国連食糧農業機関(FAO)は5月7日、過去2年をかけて検討してきた2025年までの「FAO栄養戦略」がFAO理事会で採択されたと発表した。国連持続可能な開発目標(SDGs)で複数の分野に影響を与える「栄養」政策での方針が固まった。
栄養政策に関しては、国連の世界食料安全保障委員会(CFS)に設置された「食料安全保障と栄養に関するハイレベル専門家パネル」が2017年、農業・食料システムの変化が栄養に影響を与える経路を整理したマップを作成。各々ファクターの状況を見ていくことで栄養問題に対峙できることがわかっている。

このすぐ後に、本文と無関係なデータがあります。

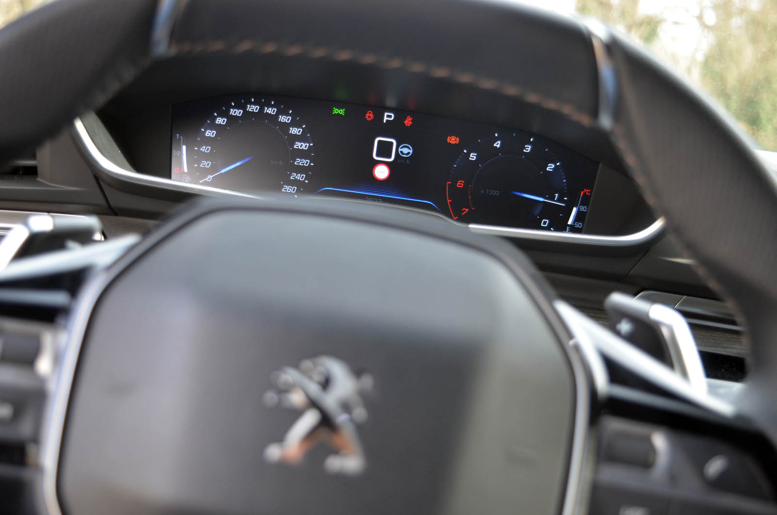 Usamljen, izgleda sjajno i pruža isti takav osećaj u rukama, ali u kombinaciji sa ostatkom premijum kabine, deluje kao istrgnut iz nekog trkačkog bolida i, bez obzira na visok kvalitet njegove izrade i brojnim komandama na njemu i okolo, možda bi trebalo da je malo većeg prečnika.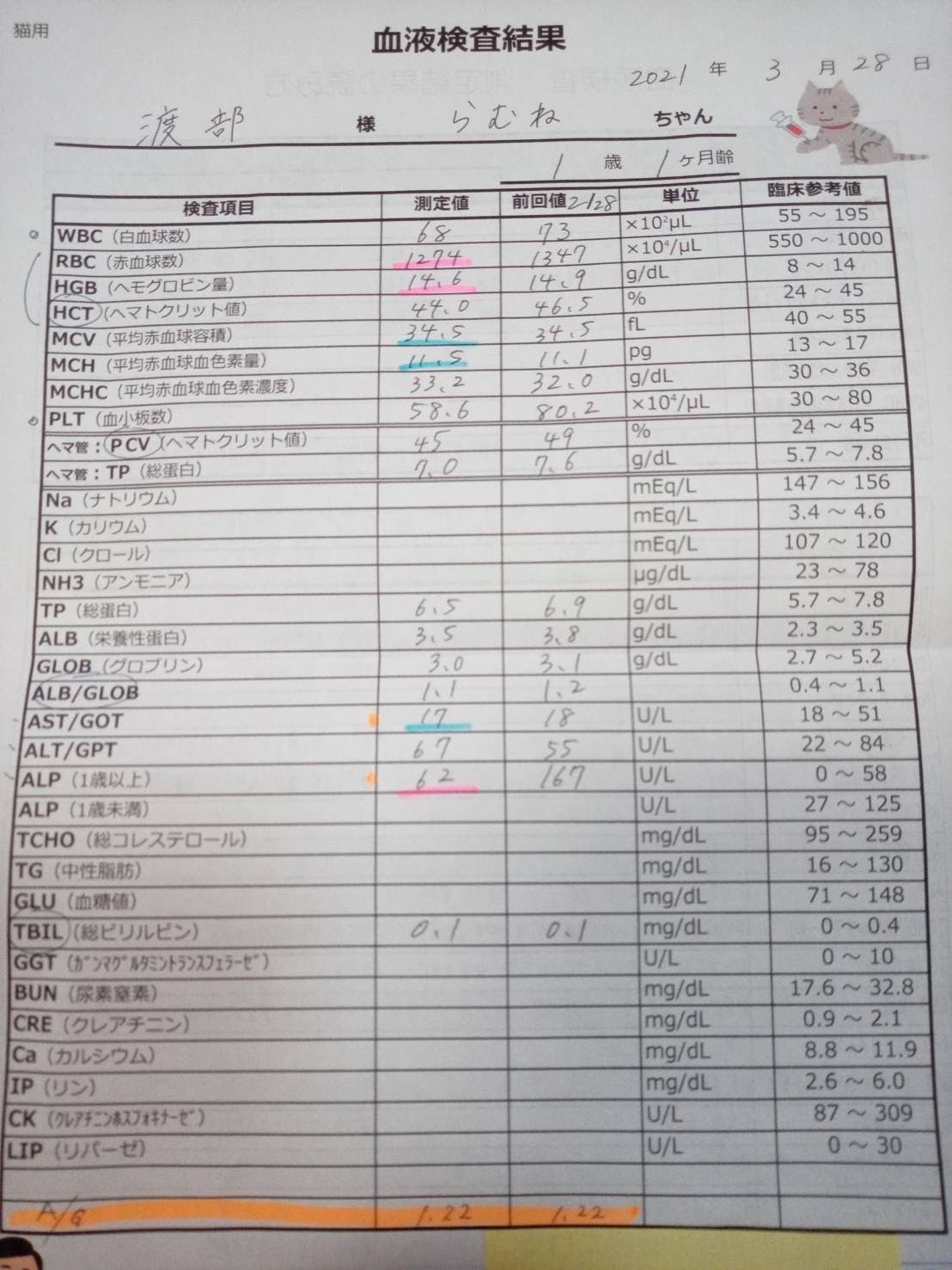貧血に関わる赤血球値(RBC HGB PCV)も問題なし。若干高めではあるけれど毎月下がってきていて心配いらないとのことでした。

一方、今回のFAO栄養戦略で現状課題を克服するために設定された領域は全部で5つ。主な内容は、
- データ:人々の常食に関するデータの収集。ステークホルダーに対する栄養データ収集のためのガイダンス発行
- 証拠:政策が栄養に与える科学的証拠の収集。栄養と社会・経済・環境とのトレードオフに関する証拠の収集
- 政策協調と集団的アクション:実現すべきゴールをステークホルダーで共有。企業と金融機関にイノベーション促進のエンゲージメント
- キャパシティ:南南・三角協力での政策・技術支援、デジタル化・イノベーション等の研修材料提供、NGO、研究機関、大学等の能力強化
- アドボカシー&コミットメント:食料システム・栄養に関する自主的ガイドライン(VGFSyN)の支援、FAOでの栄養テーマの優先化
【参考】【国際】国連世界食料安全保障委員会、食料システム・栄養に関する自主的ガイドラインを採択(2021年3月3日)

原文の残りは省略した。